• RECORDS:
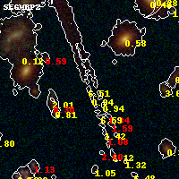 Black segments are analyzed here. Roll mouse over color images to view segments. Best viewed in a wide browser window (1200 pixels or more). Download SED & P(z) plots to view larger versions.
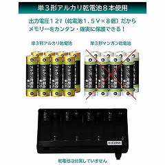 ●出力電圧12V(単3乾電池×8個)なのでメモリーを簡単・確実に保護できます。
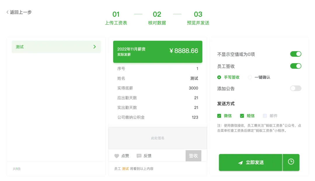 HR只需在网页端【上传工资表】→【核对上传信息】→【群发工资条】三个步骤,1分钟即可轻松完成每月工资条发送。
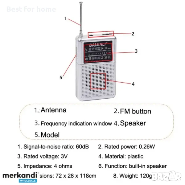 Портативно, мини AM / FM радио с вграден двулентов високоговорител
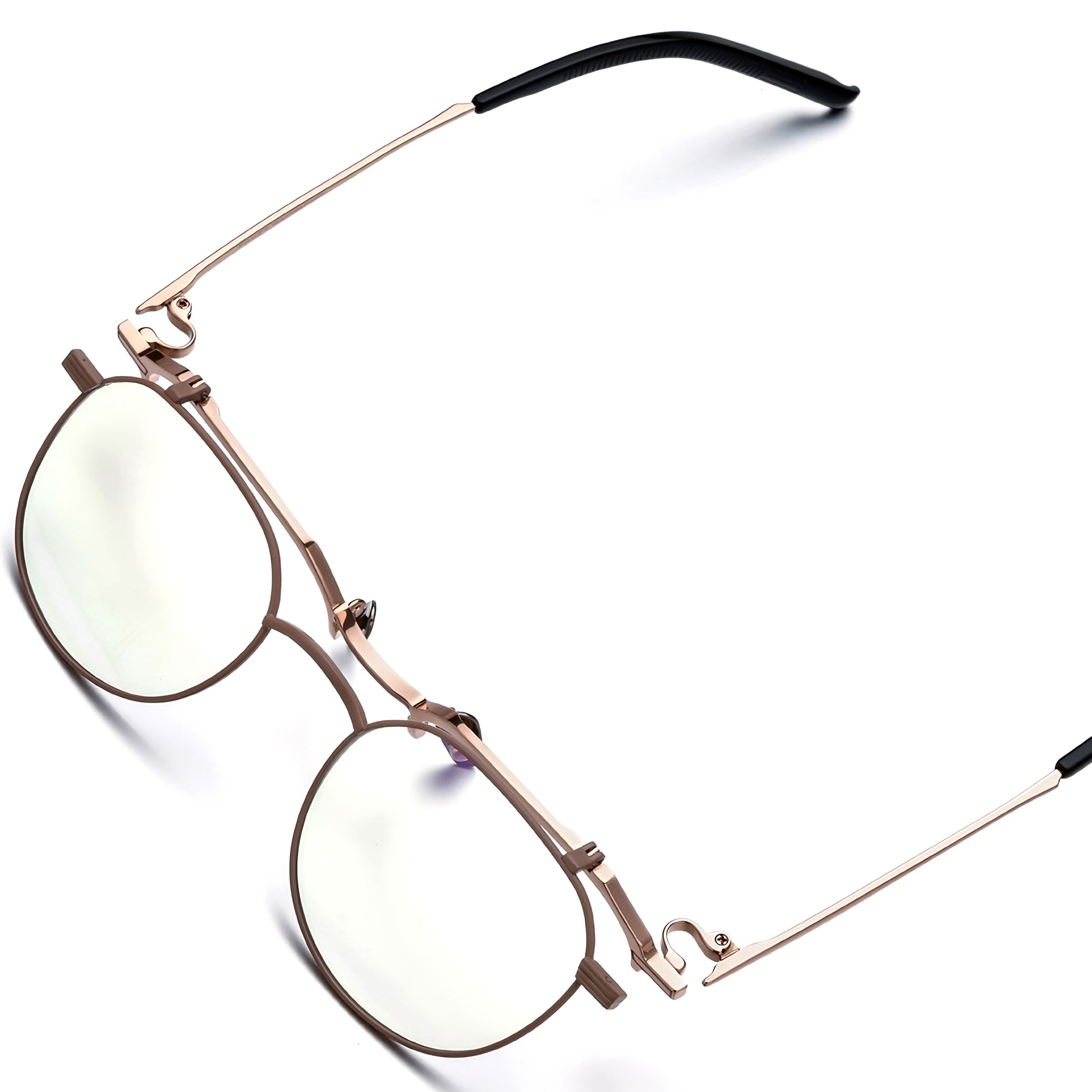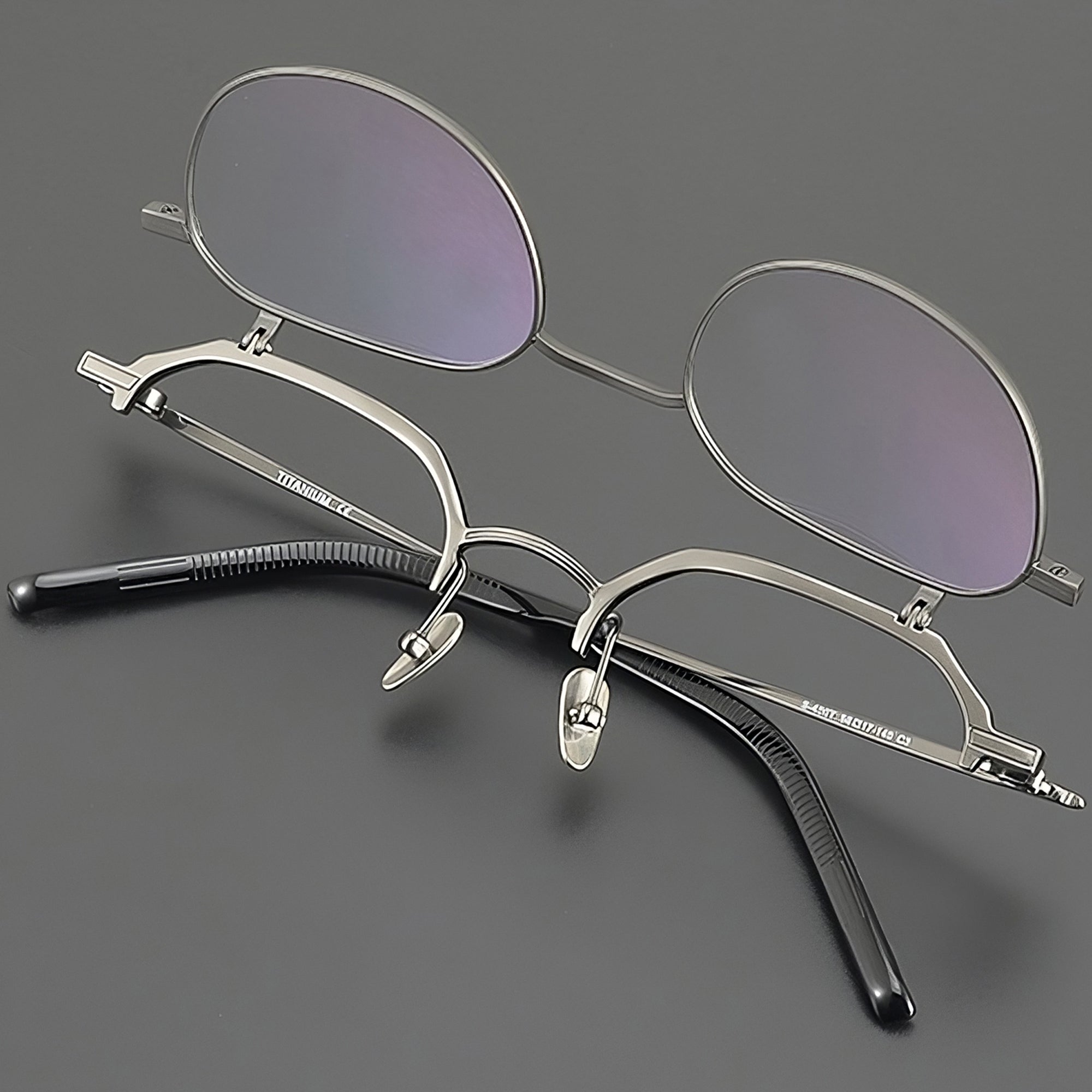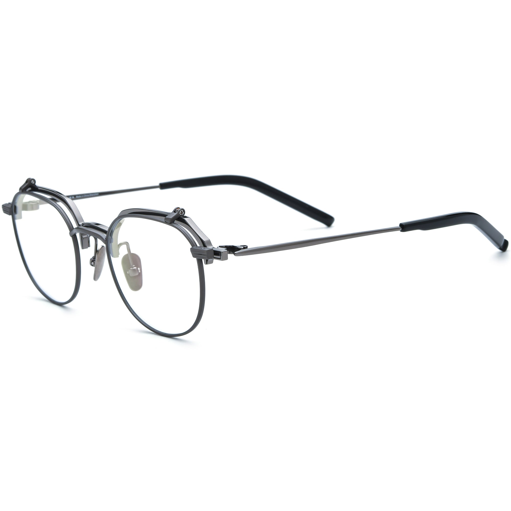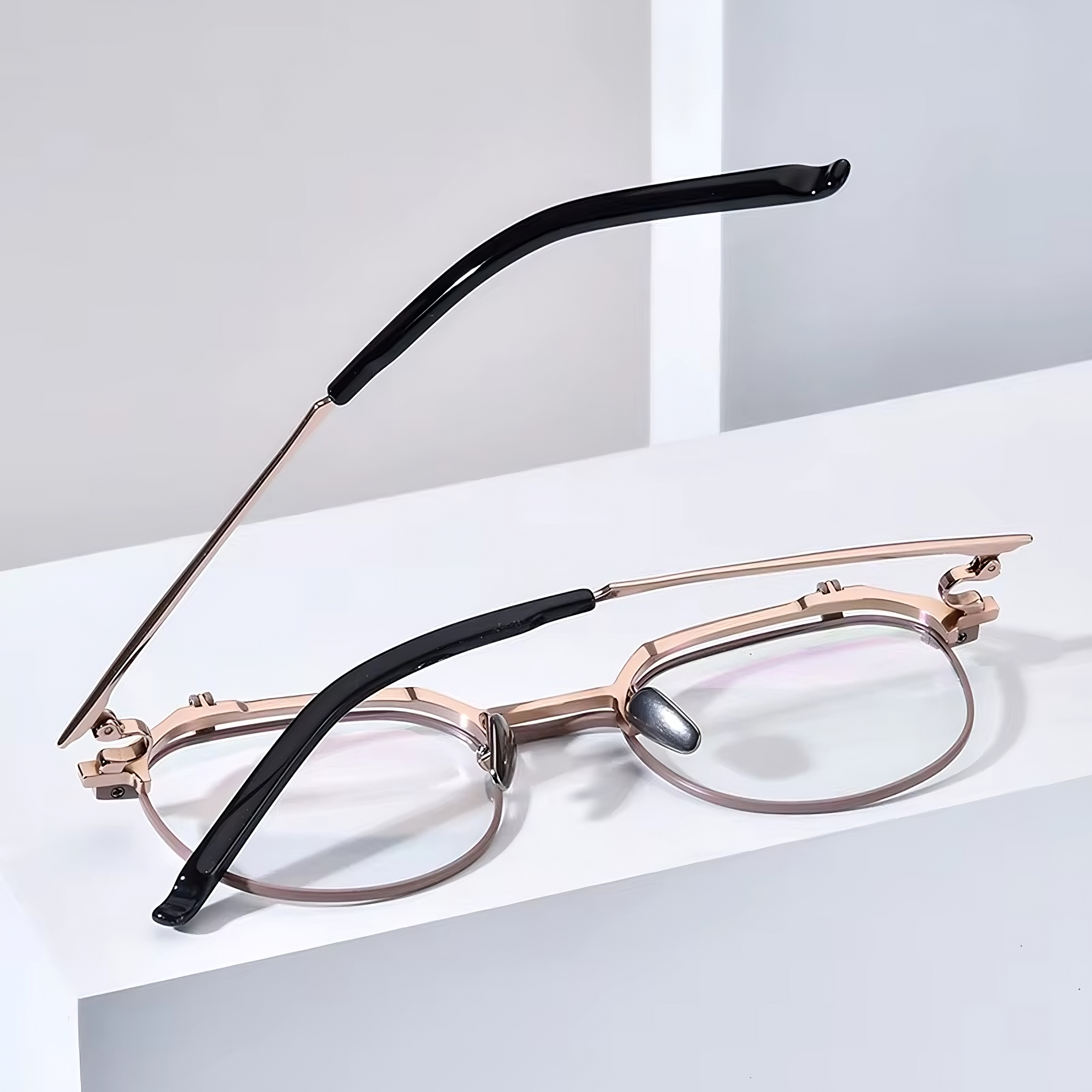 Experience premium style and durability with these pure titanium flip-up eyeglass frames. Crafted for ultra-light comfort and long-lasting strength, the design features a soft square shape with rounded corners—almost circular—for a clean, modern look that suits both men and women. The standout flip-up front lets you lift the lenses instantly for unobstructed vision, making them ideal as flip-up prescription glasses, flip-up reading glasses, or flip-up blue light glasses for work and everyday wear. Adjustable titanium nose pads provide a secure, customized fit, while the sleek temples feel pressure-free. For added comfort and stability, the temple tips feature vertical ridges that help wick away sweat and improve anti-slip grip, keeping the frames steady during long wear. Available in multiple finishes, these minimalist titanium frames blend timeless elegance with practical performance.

...

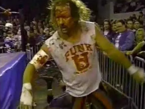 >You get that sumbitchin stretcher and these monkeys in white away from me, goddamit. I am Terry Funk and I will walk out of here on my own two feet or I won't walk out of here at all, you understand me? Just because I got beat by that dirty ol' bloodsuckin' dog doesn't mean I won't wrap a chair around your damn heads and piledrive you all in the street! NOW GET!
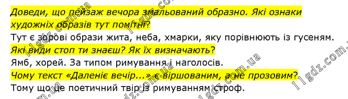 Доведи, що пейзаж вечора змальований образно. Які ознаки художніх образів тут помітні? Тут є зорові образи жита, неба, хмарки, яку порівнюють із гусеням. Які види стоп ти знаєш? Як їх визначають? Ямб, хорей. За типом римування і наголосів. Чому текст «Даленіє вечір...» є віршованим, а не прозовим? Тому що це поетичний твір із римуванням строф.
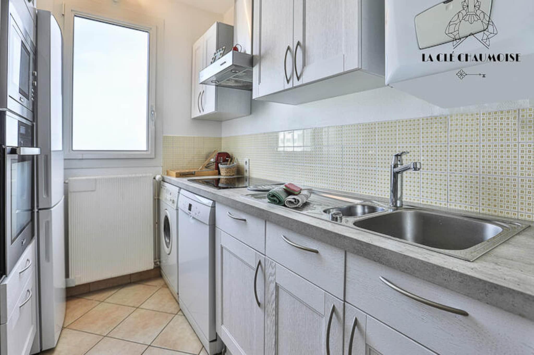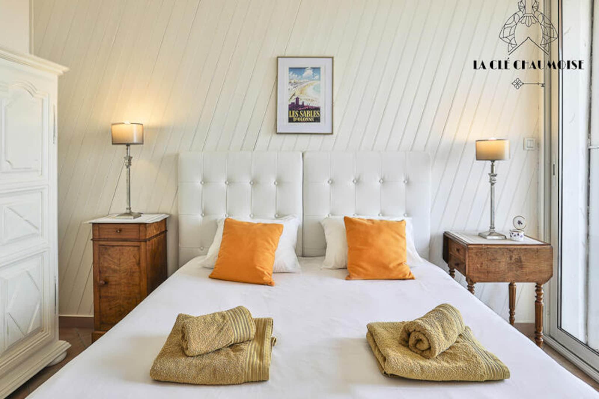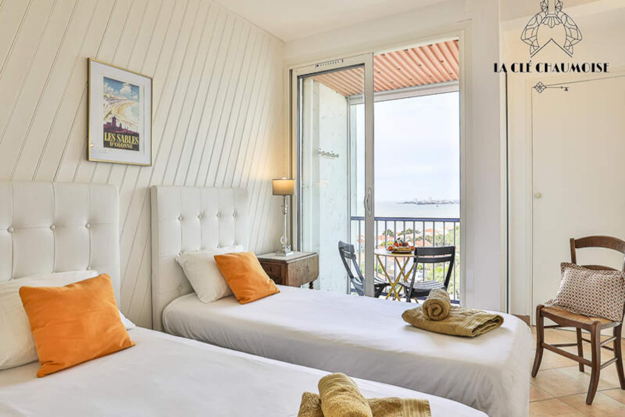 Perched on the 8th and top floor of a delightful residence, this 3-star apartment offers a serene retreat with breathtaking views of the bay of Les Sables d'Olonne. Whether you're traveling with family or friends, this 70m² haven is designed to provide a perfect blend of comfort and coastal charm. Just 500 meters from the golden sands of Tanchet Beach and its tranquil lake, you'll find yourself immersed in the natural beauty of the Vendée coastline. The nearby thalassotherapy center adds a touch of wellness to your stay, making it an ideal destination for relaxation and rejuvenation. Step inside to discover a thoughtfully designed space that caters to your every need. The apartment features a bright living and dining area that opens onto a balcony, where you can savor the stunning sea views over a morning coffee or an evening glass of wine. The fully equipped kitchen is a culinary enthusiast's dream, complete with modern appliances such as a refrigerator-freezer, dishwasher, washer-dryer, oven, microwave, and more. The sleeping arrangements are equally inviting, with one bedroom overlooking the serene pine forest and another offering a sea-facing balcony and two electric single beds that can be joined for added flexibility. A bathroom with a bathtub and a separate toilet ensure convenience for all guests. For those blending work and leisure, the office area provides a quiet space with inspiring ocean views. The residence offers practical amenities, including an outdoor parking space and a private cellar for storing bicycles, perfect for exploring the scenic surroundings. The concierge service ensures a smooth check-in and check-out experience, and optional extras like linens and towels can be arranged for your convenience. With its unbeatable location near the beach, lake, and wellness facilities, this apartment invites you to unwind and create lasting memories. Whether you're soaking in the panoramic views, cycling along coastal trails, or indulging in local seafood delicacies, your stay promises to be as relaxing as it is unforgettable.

• TASK GOAL: Pictures excluded, reproduce only the part above that opens with the line holding "Black segments are" and closes with the line holding "Experience premium style", exactly as written.

• OUTPUT BELOW:
 Black segments are analyzed here. Roll mouse over color images to view segments. Best viewed in a wide browser window (1200 pixels or more). Download SED & P(z) plots to view larger versions.
 ●出力電圧12V(単3乾電池×8個)なのでメモリーを簡単・確実に保護できます。
 HR只需在网页端【上传工资表】→【核对上传信息】→【群发工资条】三个步骤,1分钟即可轻松完成每月工资条发送。
 Портативно, мини AM / FM радио с вграден двулентов високоговорител
 Experience premium style and durability with these pure titanium flip-up eyeglass frames. Crafted for ultra-light comfort and long-lasting strength, the design features a soft square shape with rounded corners—almost circular—for a clean, modern look that suits both men and women. The standout flip-up front lets you lift the lenses instantly for unobstructed vision, making them ideal as flip-up prescription glasses, flip-up reading glasses, or flip-up blue light glasses for work and everyday wear. Adjustable titanium nose pads provide a secure, customized fit, while the sleek temples feel pressure-free. For added comfort and stability, the temple tips feature vertical ridges that help wick away sweat and improve anti-slip grip, keeping the frames steady during long wear. Available in multiple finishes, these minimalist titanium frames blend timeless elegance with practical performance.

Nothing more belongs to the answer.